===== Given information

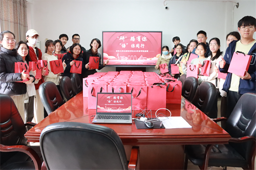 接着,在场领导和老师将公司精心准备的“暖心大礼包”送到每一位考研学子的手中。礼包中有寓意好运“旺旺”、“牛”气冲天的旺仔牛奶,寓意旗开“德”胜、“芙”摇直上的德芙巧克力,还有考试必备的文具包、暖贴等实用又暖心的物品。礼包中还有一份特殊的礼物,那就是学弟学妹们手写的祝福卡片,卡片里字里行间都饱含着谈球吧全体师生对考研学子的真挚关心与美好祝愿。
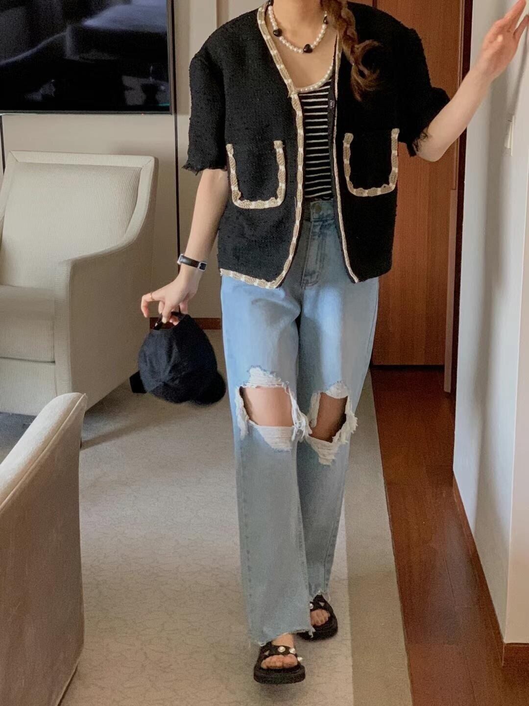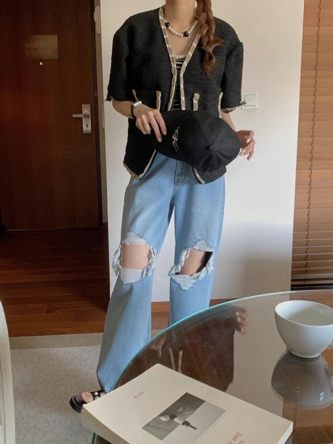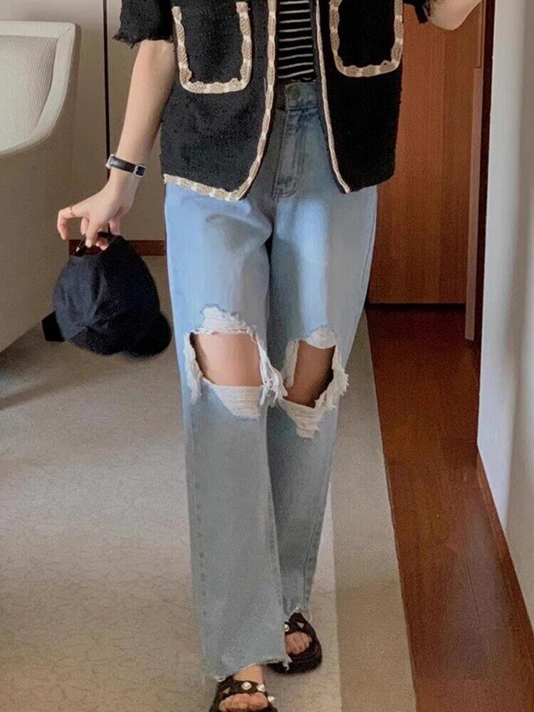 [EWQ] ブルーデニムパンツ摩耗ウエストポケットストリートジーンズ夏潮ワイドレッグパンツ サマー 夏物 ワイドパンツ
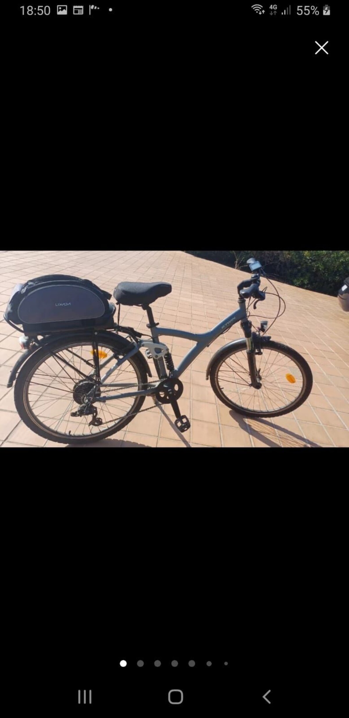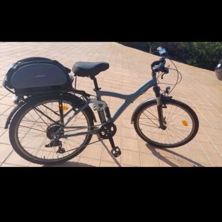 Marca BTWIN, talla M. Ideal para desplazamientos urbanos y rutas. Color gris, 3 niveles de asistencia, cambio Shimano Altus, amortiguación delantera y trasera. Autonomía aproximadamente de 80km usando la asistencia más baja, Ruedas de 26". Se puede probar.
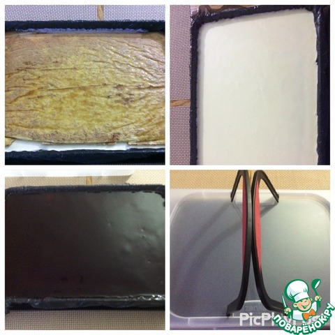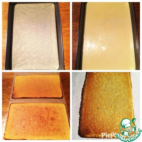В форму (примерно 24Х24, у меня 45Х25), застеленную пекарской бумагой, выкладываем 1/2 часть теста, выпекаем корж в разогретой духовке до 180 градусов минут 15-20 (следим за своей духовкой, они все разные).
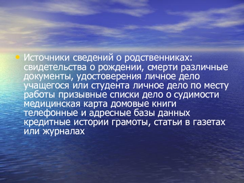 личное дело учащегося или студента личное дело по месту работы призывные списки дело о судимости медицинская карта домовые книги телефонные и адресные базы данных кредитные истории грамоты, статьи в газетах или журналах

==========

● **Action item**: Restate the data exactly, though only from the line that contains "[EWQ] ブルーデニムパンツ摩耗ウエストポケットストリートジーンズ夏潮ワイドレッグパンツ サマー" through its last line, both ends included and with the pictures left out.

● **Answer section**:
 [EWQ] ブルーデニムパンツ摩耗ウエストポケットストリートジーンズ夏潮ワイドレッグパンツ サマー 夏物 ワイドパンツ
 Marca BTWIN, talla M. Ideal para desplazamientos urbanos y rutas. Color gris, 3 niveles de asistencia, cambio Shimano Altus, amortiguación delantera y trasera. Autonomía aproximadamente de 80km usando la asistencia más baja, Ruedas de 26". Se puede probar.
В форму (примерно 24Х24, у меня 45Х25), застеленную пекарской бумагой, выкладываем 1/2 часть теста, выпекаем корж в разогретой духовке до 180 градусов минут 15-20 (следим за своей духовкой, они все разные).
 личное дело учащегося или студента личное дело по месту работы призывные списки дело о судимости медицинская карта домовые книги телефонные и адресные базы данных кредитные истории грамоты, статьи в газетах или журналах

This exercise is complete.